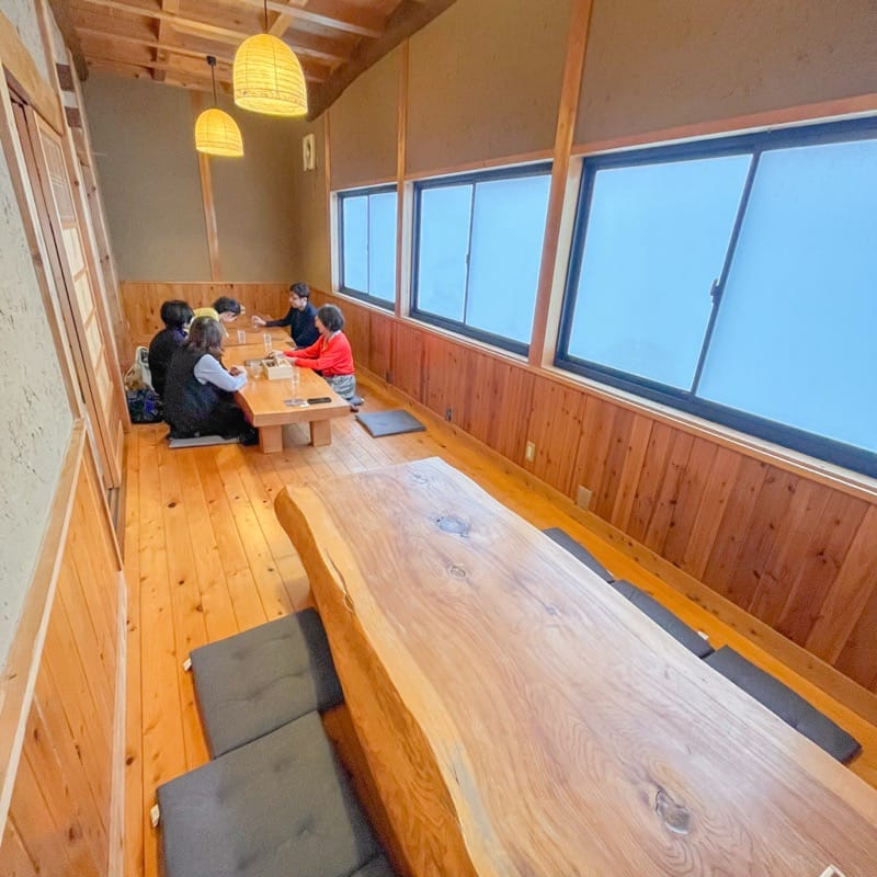 奥へ進むと広々としたお座敷が広がっており、ご家族連れやグループでの集まりにも利用しやすくなっています。
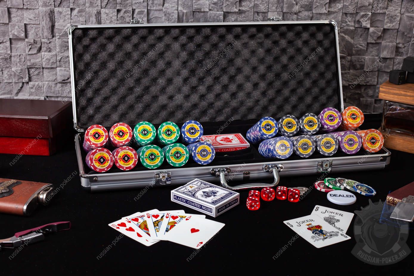 Набор покера Crown на 500 фишек с номиналом, в стальном кейсе
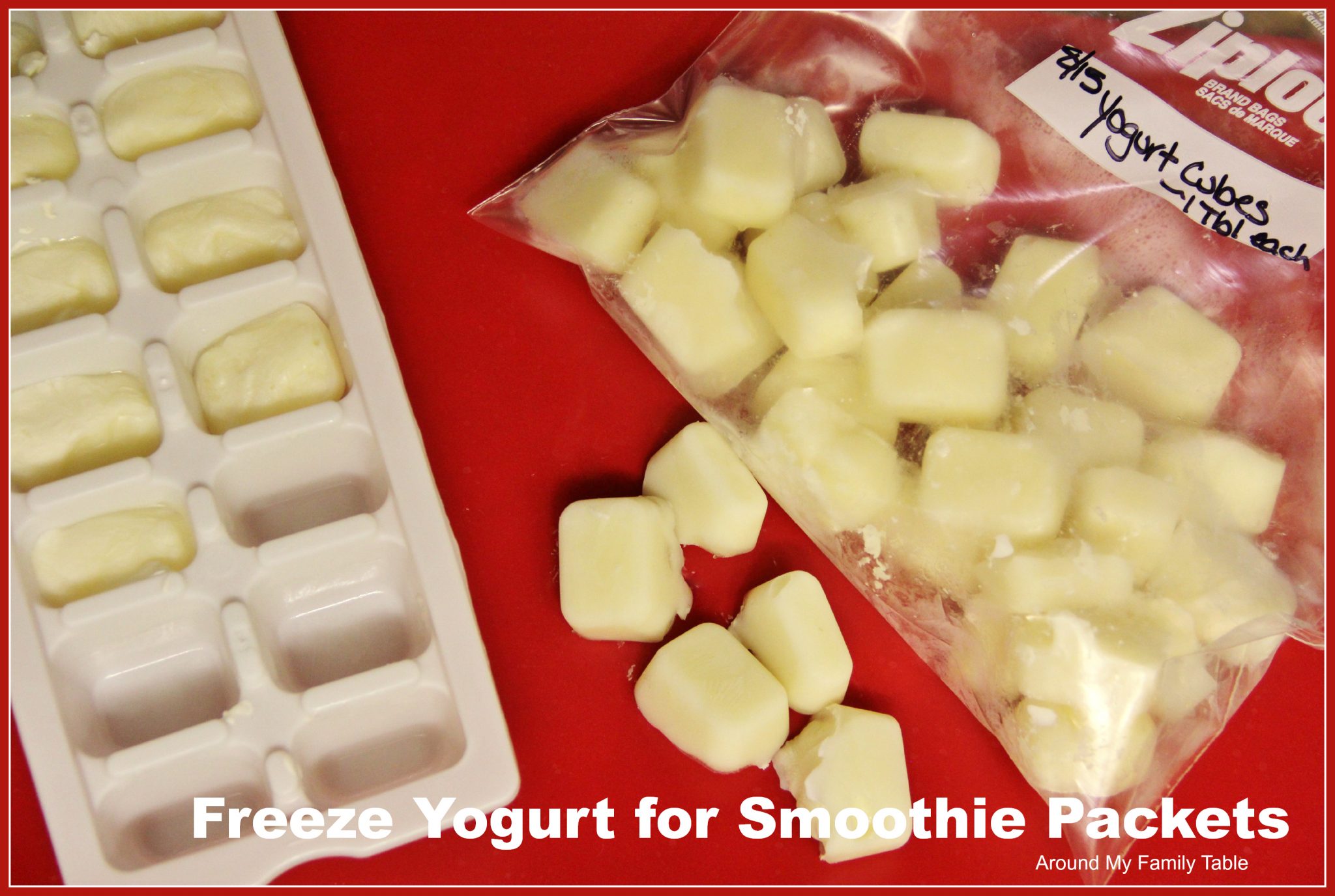 Like those yogurt smoothie packets? Freeze plain or vanilla yogurt in ice cube trays (about 1 tbls per section). Add 2 or 3 to your smoothie packet.
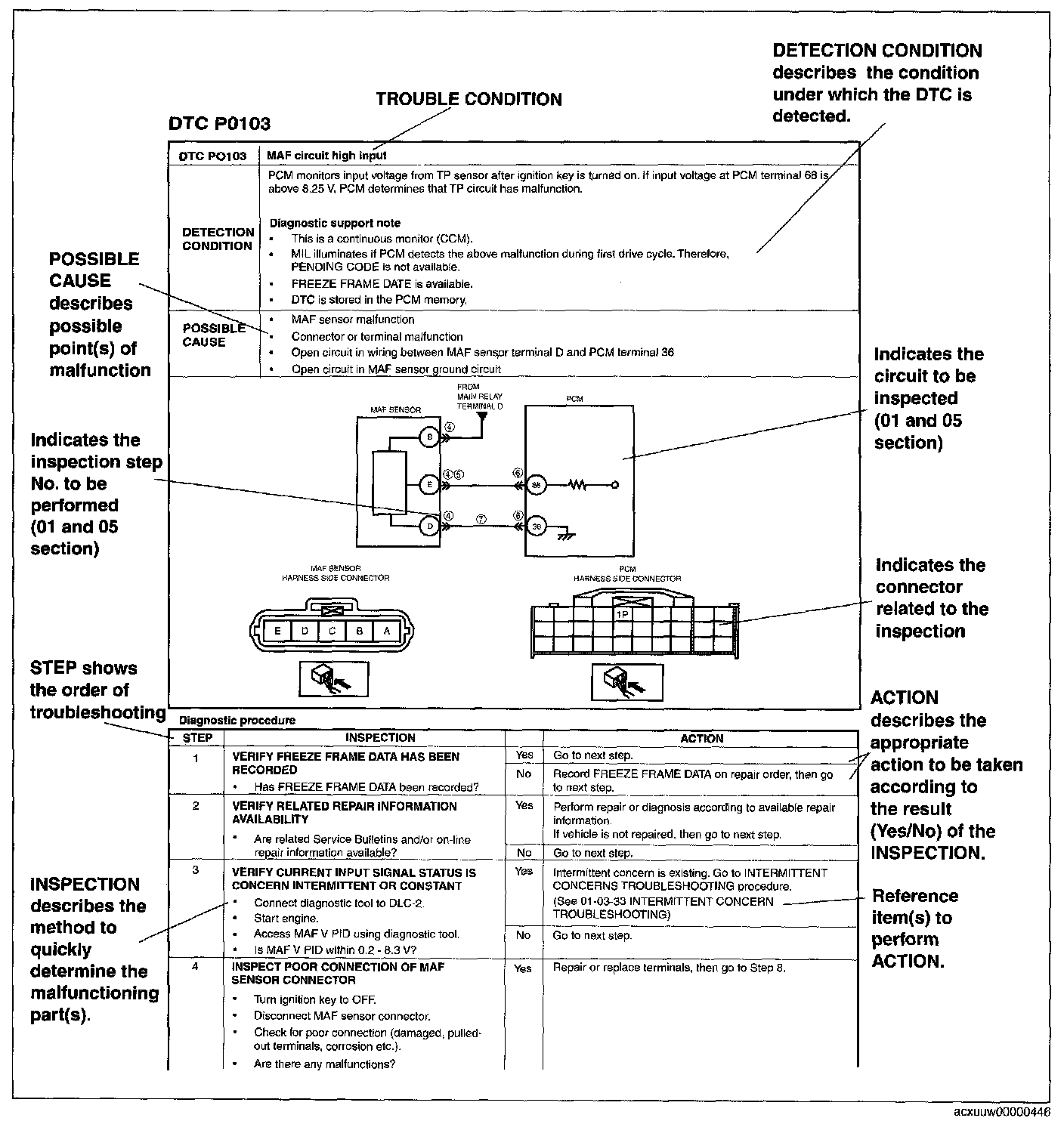 - DTC troubleshooting flow shows diagnostic procedures, inspection methods, and proper action to take for each DTC.
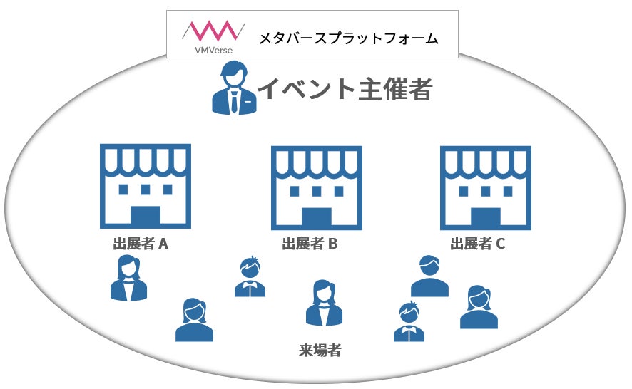 VMVerseはBtoBtoC向けメタバースプラットフォームとして主催者と来場者の2者間だけでなく、ショッピングモールの主催者、出品店舗、購入者や、イベントの主催者/出展社/来場者といった3者の管理機能を搭載しており、多様なビジネスで利用することができます。
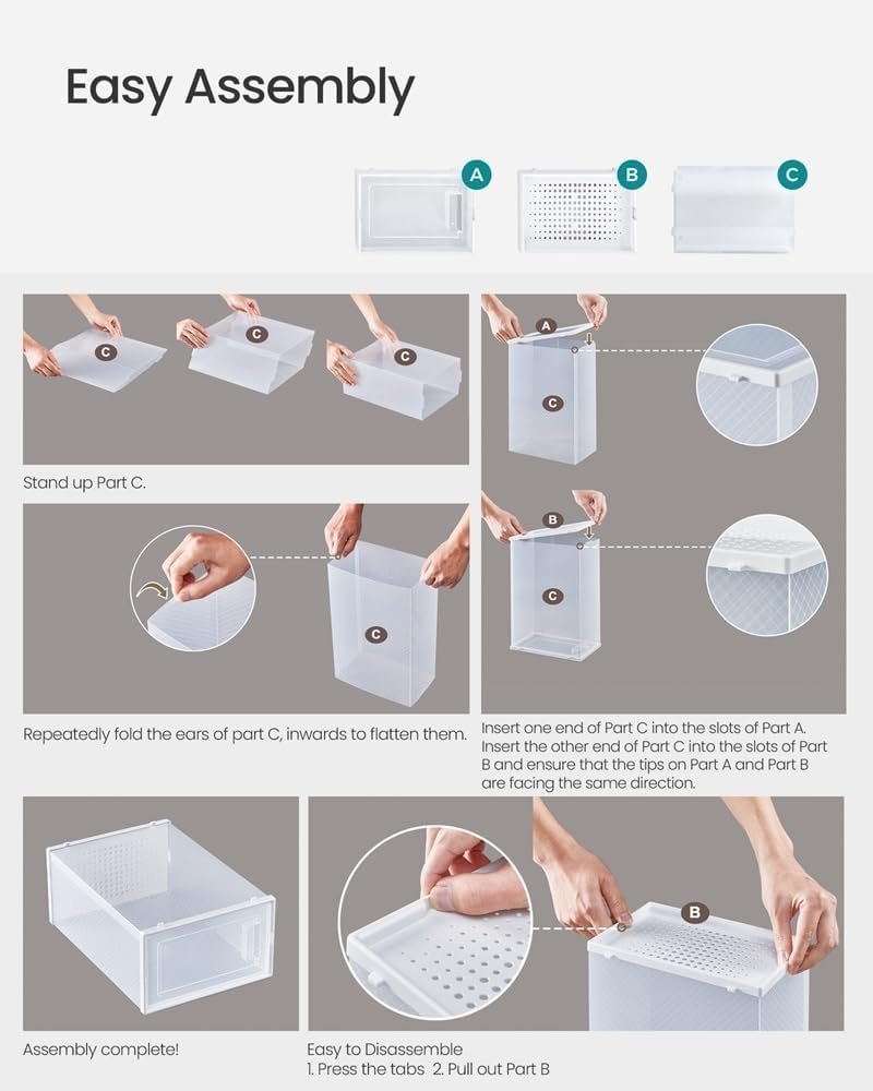 Specificatii tehnice: Brand: SONGMICS Tip produs: Cutii depozitare pantofi Numar bucati: 8 Dimensiuni: 33.5 x 23.2 x 14.3 cm Dimensiune interioara: 31.2 x 22.5 x 13.5 cm Material: Plastic PP (corp), PS (usa frontala) Culoare: Alb transparent Scurta descriere: Setul SONGMICS cu 8 cutii pentru pantofi este solutia ideala pentru organizarea eficienta a incaltamintei. Designul transparent permite vizualizarea rapida a continutului, iar structura stivuibila ajuta la economisirea spatiului. Perfect pentru orice dressing sau hol ordonat. Caracteristici principale: Set de 8 cutii pentru organizarea pantofilor Design transparent pentru identificare rapida Usa frontala pentru acces usor Structura stivuibila pentru economisirea spatiului Ventilatie integrata pentru aerisirea incaltamintei Montaj rapid si usor fara unelte Potrivite pentru adidasi, pantofi sau sandale Design pliabil pentru depozitare compacta
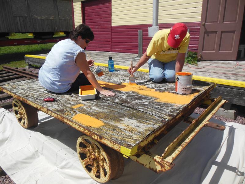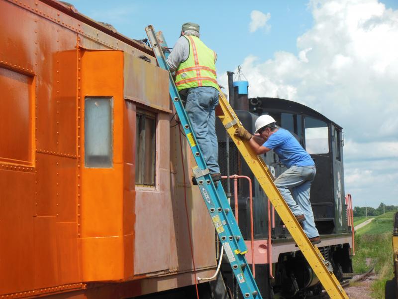 Volunteers have been busy giving the Milwaukee Road caboose a much needed make over. Soon the faded orange, now almost pink paint will give way to bright orange once again.
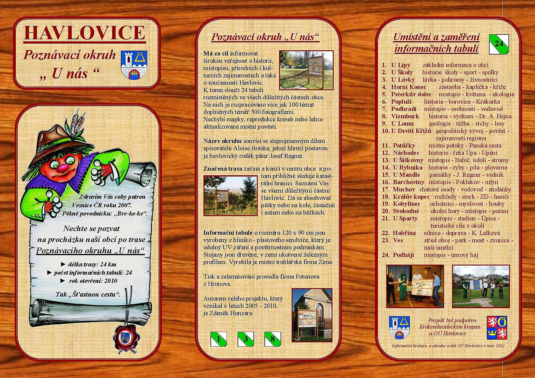 Tato naučná stezka vznikla v roce 2010. Vytvořil ji havlovický patriot Zdeněk Honzera. Celá naučná stezka má 24 zastávek a je dlouhá 24 km. Vede přes zajímavá místa obce Havlovice a pomáhá nám seznámit se s touto vesnicí. Většinou cesta vede po asfaltových komunikacích. Je vhodná pro pěší a cyklisty.
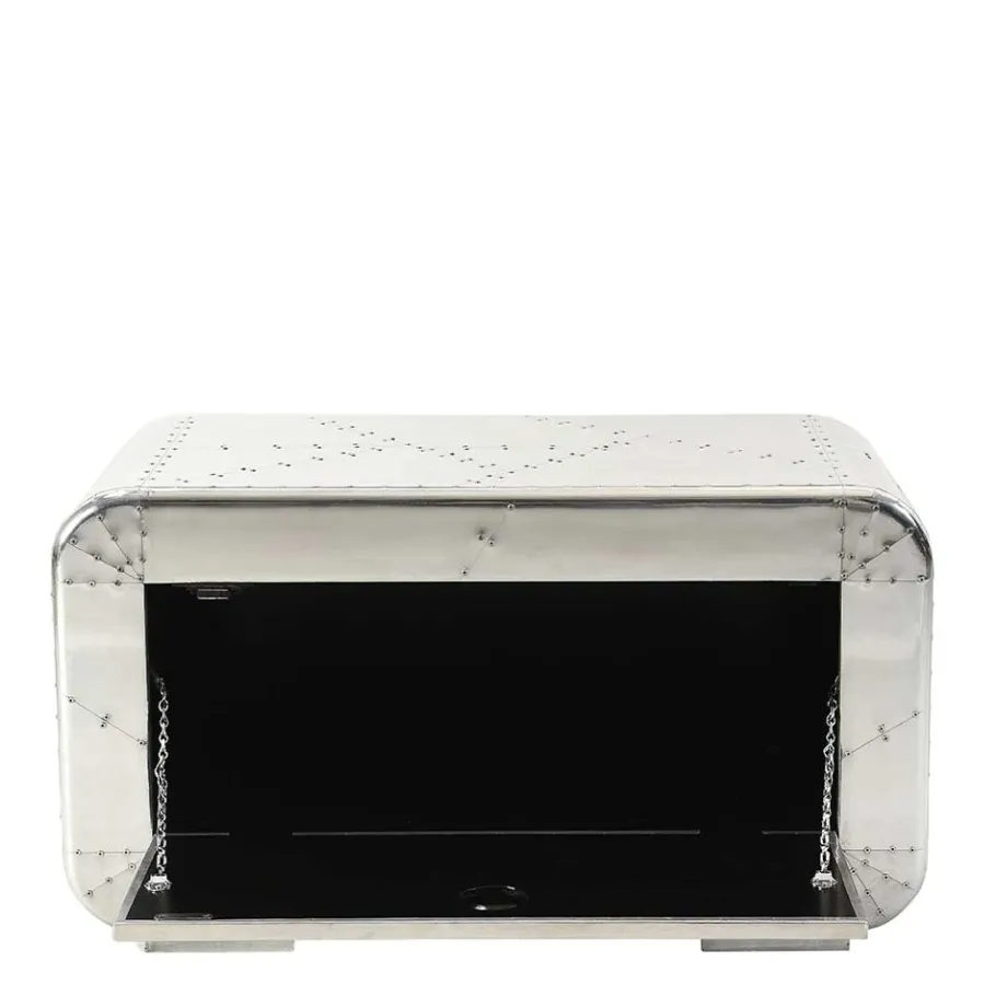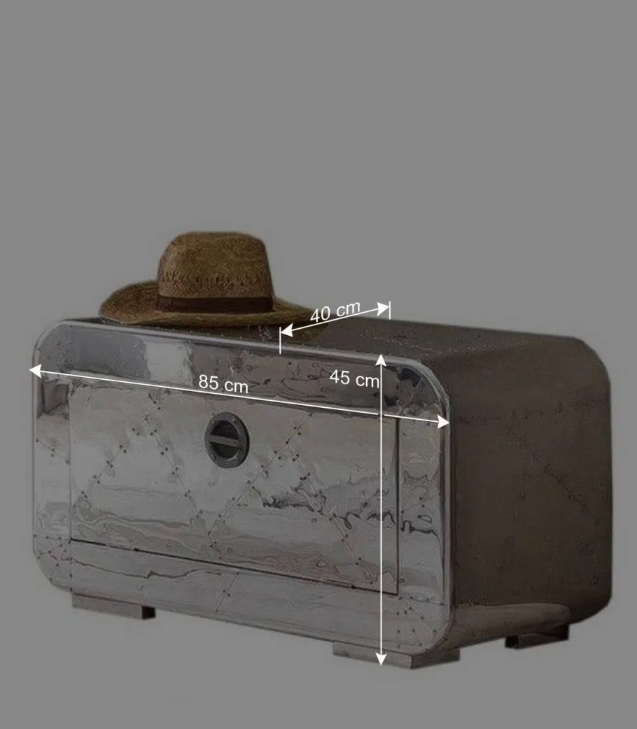 Die Oberfläche des Schuhschranks „Pilot“ ist komplett mit Aluminium beschlagen und mit auffälligen Zierschrauben versehen – eine Hommage an den klassischen Flugzeugbau, die das Herz jedes Designliebhabers höherschlagen lässt. Der nicht mit Aluminium verkleidete Rücken sorgt dabei für eine angenehme Balance und Authentizität.
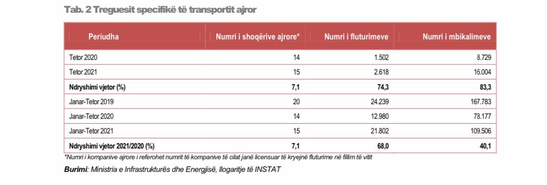 Për 10 mujorin pjesa më e madhe e sektorëve kanë kaluar nivelet e parapandemisë, me përjashtim të hekurudhave dhe transportit ajror e detar.
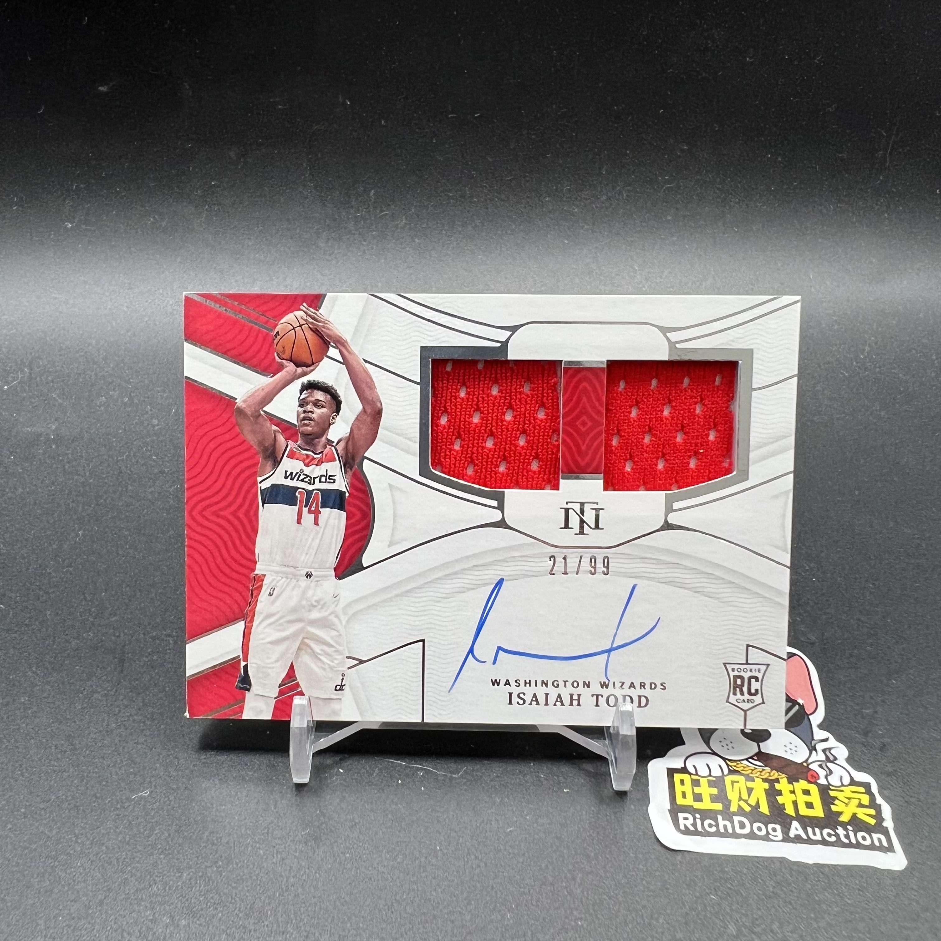 【旺财拍卖A】N48 2021-22 Panini 国宝 奇才 Isaiah Todd 以赛亚 托德 RC新秀 双窗球衣签字 rpa /99编 卡签 瑕疵如图 红桃桃红
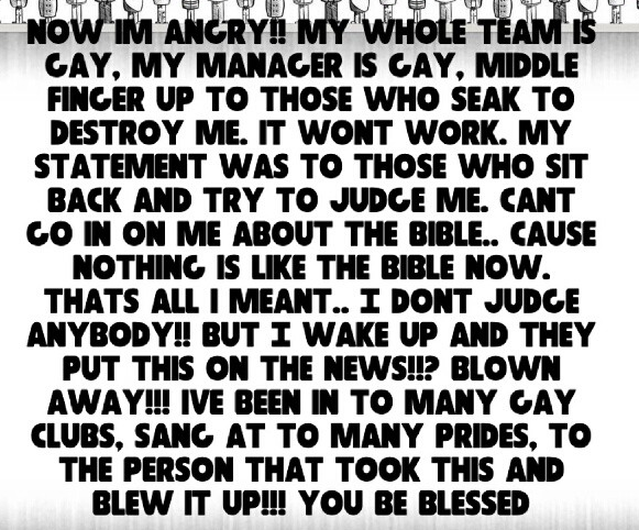 Now im VERY UPSET!!!! BUT ITS COOL!! IM NOT THE SAME GIRL I USE TO BE. IVE BEEN HURT ENOUGH. IM A Grown Women thats been Hurt Enough now. FOOLISHNESS!!!! I APOLOGIZE TO ALL MY LOVES, ALLLL MY GAYS, QUEENS AND FAB FRIENDS WHO’S SEEING THIS NONSENSE RIGHT NOW. HAVE YOU FORGOTTEN THAT THEY HAVE TRASHED ME SINCE THE DAY I STEPPED ON THE IDOL STAGE? HAVEN’T YOU ALSO NOTICED THAT I STILL HAVE NOT STOPPED. TO MY GAY MANAGER( IM OVER SEEING YOU WORK SO HARD) THOSE WHO NO ME NO I DONT JUDGE ANY 1 AND THAT I JUST WANT THEM TO STOP TRYING TO JUDGE ME. TO ALL THE BLOGGERS AND NEWS STATIONS GOD BLESS YOU TOO!! CAUSE YOU NEVER SUPPORT MY GOOD YOU JUST REPORT THE BAD. I DONT CARE WHO GETS MARRIED OR WHO YOU LAY WITH, HANG WITH OR WANT TO BE LIKE. ITS YOUR LIFE LIVE IT. NOW GO AHEAD TAKE THIS AND TURN IT AROUND BUT IM STILL HERE CAUSE GOD PUT ME HERE. CHECK MY SPELLING AND MY GRAMMER* whatever you need to do* This is sad and im done with all this Media stuff .
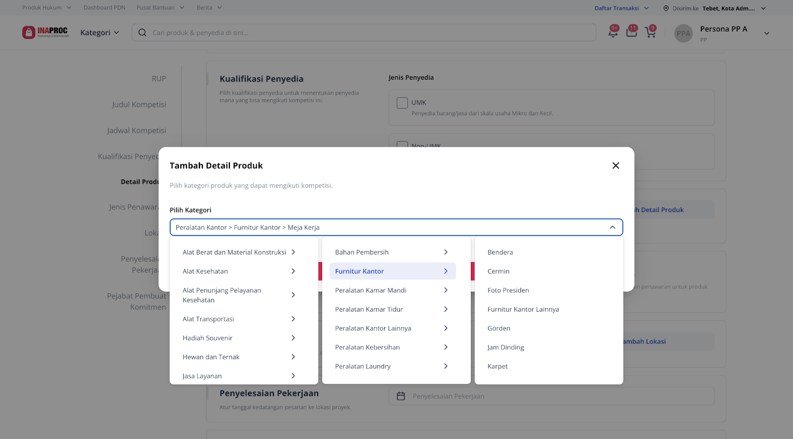 Bisa menawar satuan ini hanya dapat dipilih jika pada saat proses sebelumnya “Menambah Detail Produk” PPK/PP lebih dari satu.
****************************************
- EXERCISE DETAILS -
Output the lines, exactly: the first line of the entries above, every line after it, and the line with "Набор покера Crown" as the last. No pictures.

- ANSWER BOX -
 奥へ進むと広々としたお座敷が広がっており、ご家族連れやグループでの集まりにも利用しやすくなっています。
 Набор покера Crown на 500 фишек с номиналом, в стальном кейсе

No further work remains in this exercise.